Les résultats d’une analyse de régression sur les moindres carrés soutiennent ces deux hypothèses. Ainsi, les attitudes politiques moyennes à propos des trois propositions changent d’une manière significative durant et après l’émergence de la tempête médiatique, mais pas de la même façon pour tous les citoyens. L’évolution la plus dramatique est liée à l’admission d’un plus grand nombre de réfugiés, qui fut fortement portée par des chefs libéral et néodémocrate enthousiastes de promouvoir des engagements clairs dès les premiers jours de la tempête médiatique. Une réticence plus nette du PCC explique peut-être l’effet plus nuancé des éléments de cadrage qui lui sont associés.

La dernière hypothèse se penche sur l’impact électoral des attitudes politiques à l’égard de ces trois éléments de cadrage de la crise des réfugiés.

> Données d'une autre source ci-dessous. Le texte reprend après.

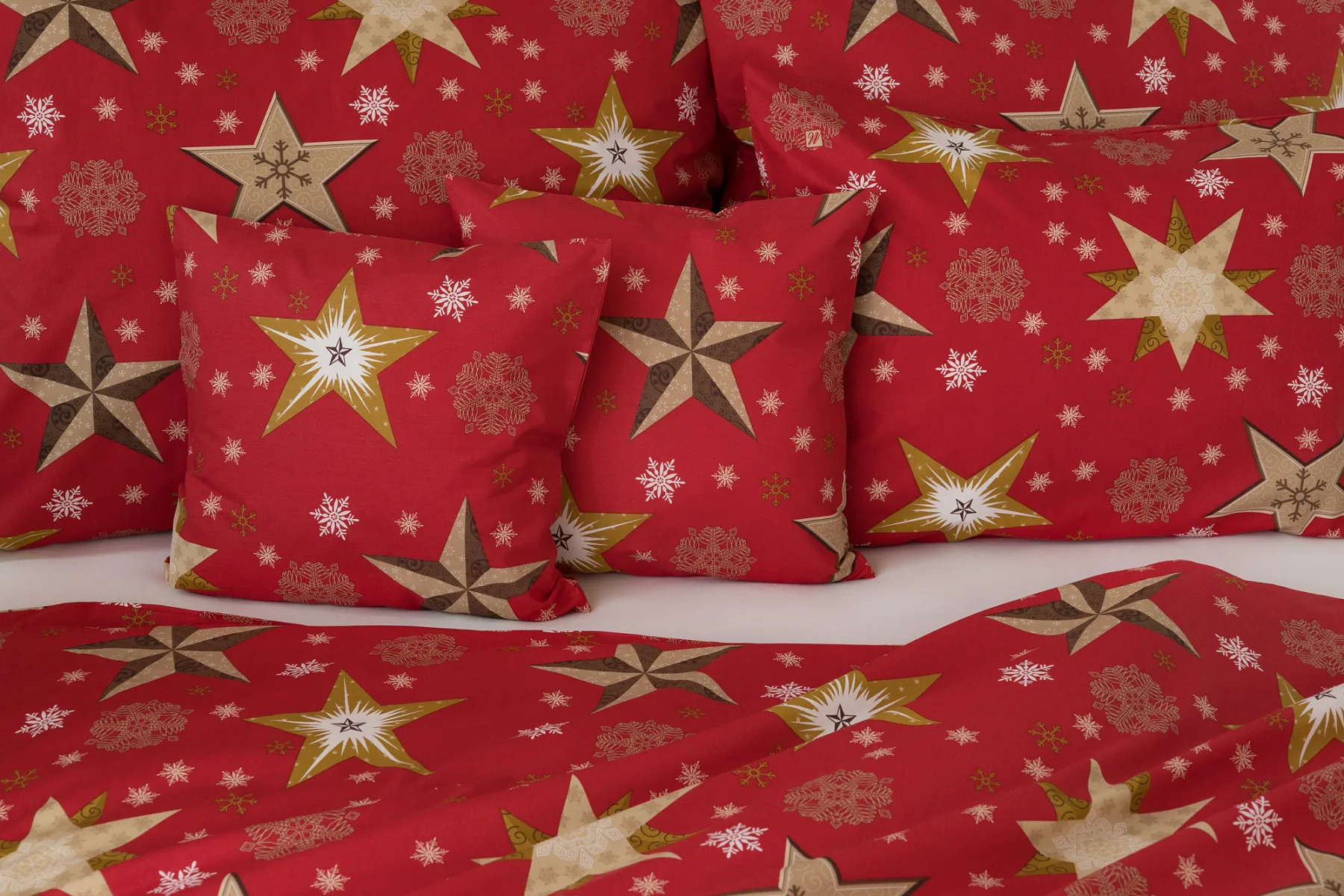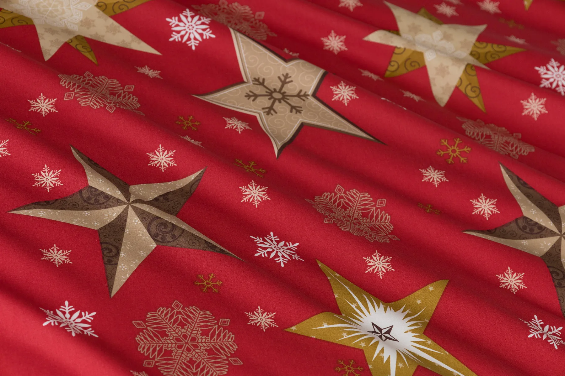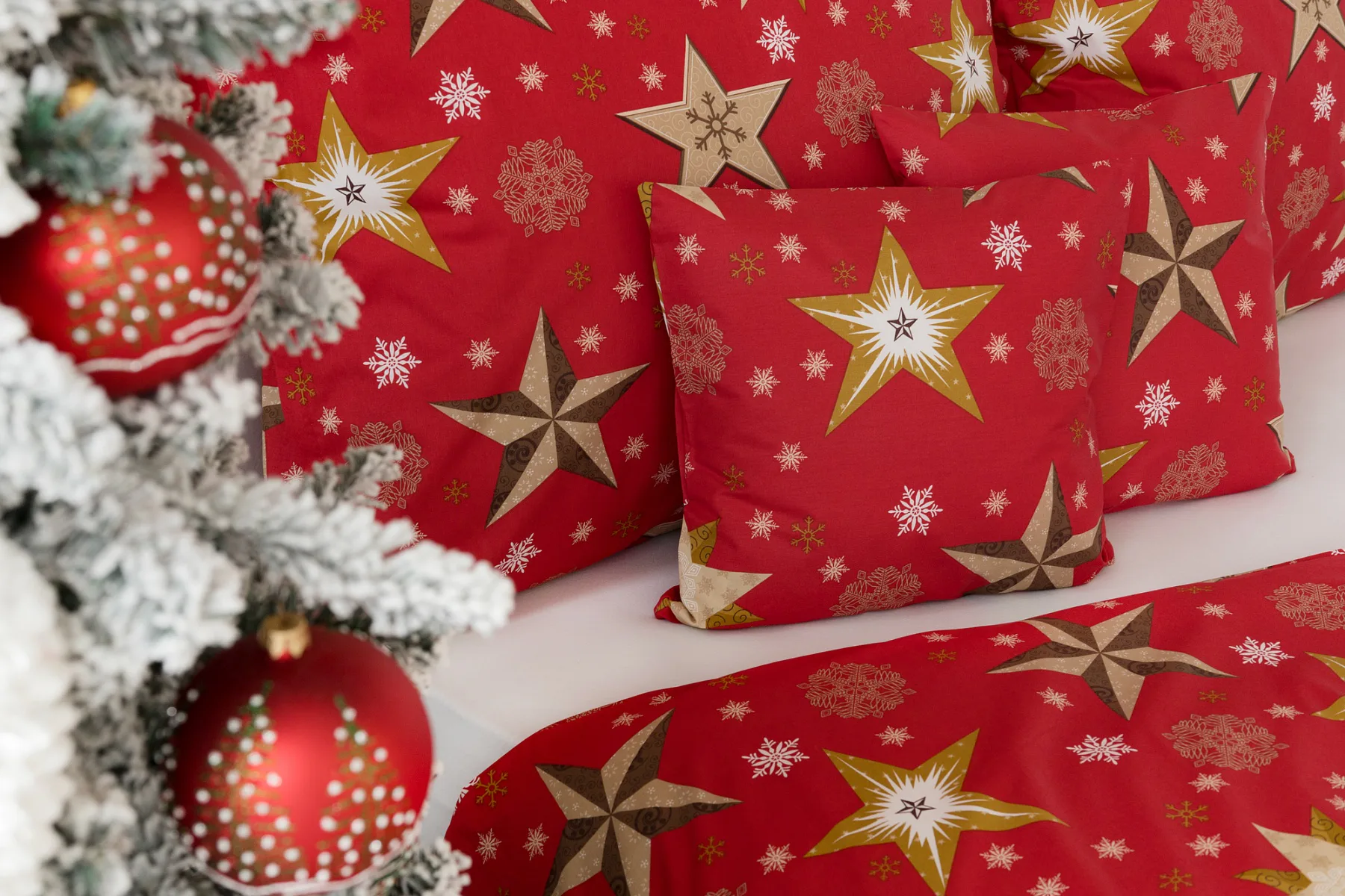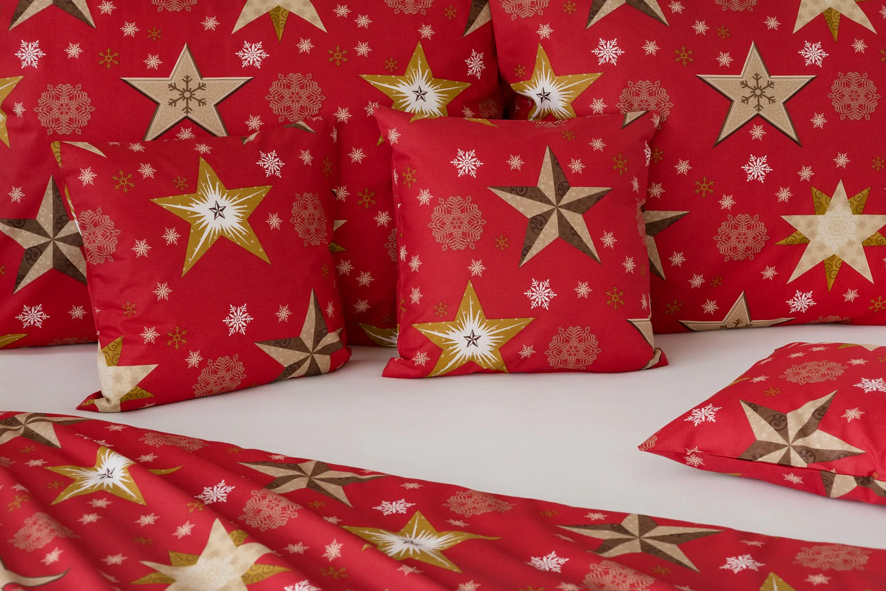 Nalaďte se na hřejivou vánoční atmosféru s bavlněným povlečením Merci. Sváteční motiv zlatých hvězd a sněhových vloček vyniká na podkladu v tradiční červené barvě.
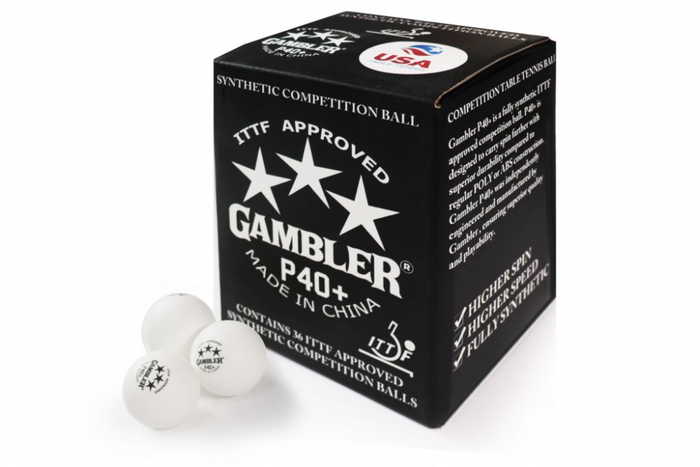 Gambler P40 + - полностью синтетические мячи для соревнований, одобренные международной федерацией по настольному теннису (ITTF). Мячи обладают быстрым вращением, высокой скоростью и полностью являются синтетическими (НЕ ЦЕЛЛУЛОИДНЫМИ). В мячах Gambler используется специальное соотношение смолы АБС, что делает их более твердыми и быстрыми. Конструкция состоит из 2 частей и эти мячи используются почти на каждом профессиональном соревновании по всему миру.

Elle les mobilise en tant que variables indépendantes afin d’évaluer les patrons d’intention et de choix de vote pendant la campagne électorale fédérale de 2015. Les analyses révèlent des effets significatifs des attitudes liées à la crise des réfugiés sur l’intention de vote. Qui plus est, on peut voir ces effets se cristalliser de plus en plus précisément à mesure que le temps passe. Cela suggère ainsi un effet de primauté important, puisque les cadres mobilisés dans la lutte pour la définition de la crise des réfugiés entrent dans les considérations électorales des citoyens. Notons qu’une question à propos de la consommation médiatique des répondants, qui n’était pas incluse dans le sondage, aurait permis de mieux nuancer les résultats.

Dans la même veine, les données de la vague postélectorale du sondage identifient un impact significatif — et compatible avec les attentes théoriques — des attitudes politiques liées

à la crise des réfugiés sur le choix de vote effectif des sondés. Par exemple, ceux qui estiment que le Canada devrait poursuivre la guerre contre l’EI, qu’il est confronté à une grave menace terroriste et qu’il ne devrait pas admettre plus de réfugiés sont plus susceptibles d’avoir voté pour les conservateurs. Au contraire, les citoyens avec des opinions opposées ont plus de chance d’avoir choisi les libéraux ou les néodémocrates (les effets n’y sont pas toujours significatifs).

Ces conclusions enrichissent la littérature sur les tempêtes médiatiques, qui appelle à l’examen de leurs conséquences sur l’opinion publique depuis déjà quelque temps. Elles sont par ailleurs complémentaires aux résultats présentés dans les deux premiers articles de la thèse. En effet, si les périodes de tempête médiatique entrainent des changements importants au sein de l’environnement communicationnel médiatique ainsi que de l’opinion publique, on ne doit pas s’étonner de l’impératif réactionnel qu’elles génèrent chez les partis politiques.

Les résultats montrent que certains des éléments de cadrage mobilisés pour définir une de ces tempêtes peuvent devenir des déterminants significatifs du choix de vote des électeurs, même pour une tempête s’étant déclenchée 46 jours avant la date des élections. Cela implique donc que les partis politiques soucieux de maximiser leurs appuis électoraux ont grand intérêt à gérer les tempêtes médiatiques pendant les périodes électorales, puisque les cadres dominants du débat qui les entourent risquent de devenir, par effet de primauté, une des considérations qui aura un impact sur le choix de vote des électeurs.